# Necesito un tema para mi tesis   en redes y telecomunicaciones



## billygar

Hoy en dia estoy terminando mi carrera de Ing en Redes y Telecomunicaciones, el asunto por el que decidi colocar este tema es para pedir la colaboracion de los usuarios en cuanto a ideas sobre el planteamiento de una tesis.

La verdad es que no *h*e encontrado un tema¡¡¡¡

Espero que me puedan ayudar con esto, tal vez con sugerencias o contandome que se esta investigando en el momento ...


----------



## palurdo

En su momento mi tesis tuvo que ver con RFID que aunque no es un tema nuevo siempre llama la atencion.

De todas formas si no tienes ideas trata de buscar una necesidad que no este cubierta o que su solucion se pueda mejorar.

Un buen recurso es el servicio de publicaciones de tu universidad.

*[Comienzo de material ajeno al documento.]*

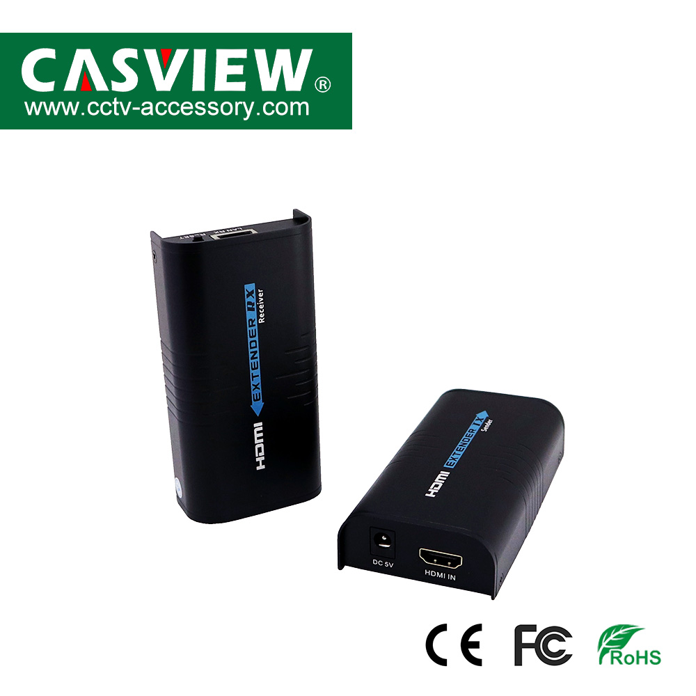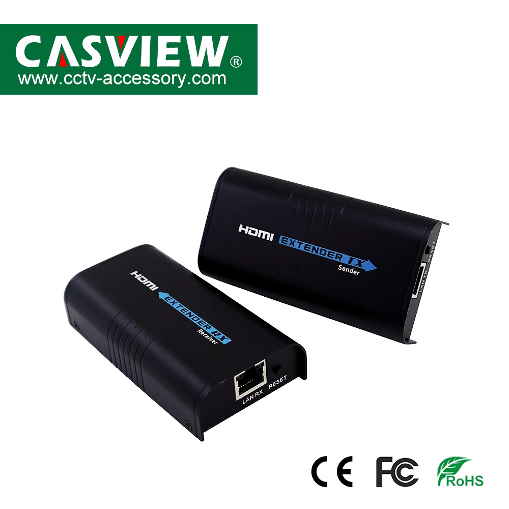 This HDMI extender over cat5e/6 cable is designed to convert HDMI signal to standard TCP/IP and transimit by internet cable or Lan.With the advantage of TCP/IP standard,it can transmit HDMI signal source from HD STB,DVD,for PS3,HDMI display card etc to HD projector, DLP,LCD,LED and other audio visual equipments

tiene que ser sobre redes y comunicaciones o puede ser de electronica en general?


----------



## Scooter

Como siempre digo en estas preguntas tan absolutamente abiertas: deberías de dar tu alguna orientación del nivel de complejidad requerido o de que campo te gusta, vamos algo. No somos adivinos.


----------



## jmo

Elegir un tema para tu tesis es algo muy particular que deberás definir no solo por el tema en si, si no también por la factibilidad de concretar la tesis de acuerdo a tus medios.
No se como sera en Bolivia, pero aquí en Argentina muchas veces se utiliza la tesis como un camino para iniciarse en el mercado laboral. Tenes que tener en cuenta de que especialidades dispones en tu institución de estudio, como también quien va a dirigirte la tesis o guiarte. Poder contar con profesores o especialistas que te vayan ayudando-corrigiendo. 
De ahí que puedes elegir un tema de acuerdo a las necesidades locales o regionales. Muchas veces he visto la tesis como un trabajo de investigación arduo que nadie te pagara pero que tampoco tendrás las presiones comerciales para darle forma.
Sientete libre de elegir a que te quieres de dedicar y elige un tema de esos.
Saludos


----------



## Shevastation

Hola bueno yo estoy haciendo de tesis una evaluación de la tecnología WSN (Wireless Sensor Network) o redes de sensores inalambricos para una red de estaciones meteorológicas, WSN tiene muchas aplicaciones interesantes, se puede usar para medir la salud estructural de un puente por ejemplo, usando los acelerometros de los nodos, o ponerlo en pulseras para medir fluctuaciones en las dosis medicinales para pacientes con parkinson, para estaciones meteorológicas. Cualquier cosa avísame  saludos!.


----------



## miguelus

Buenos días.

Creo que se está confundiendo Proyecto con Tésis.

El Proyecto es el trabajo, práctico que se realiza para poder obtener el titulo de Ingeniero en una Disciplina.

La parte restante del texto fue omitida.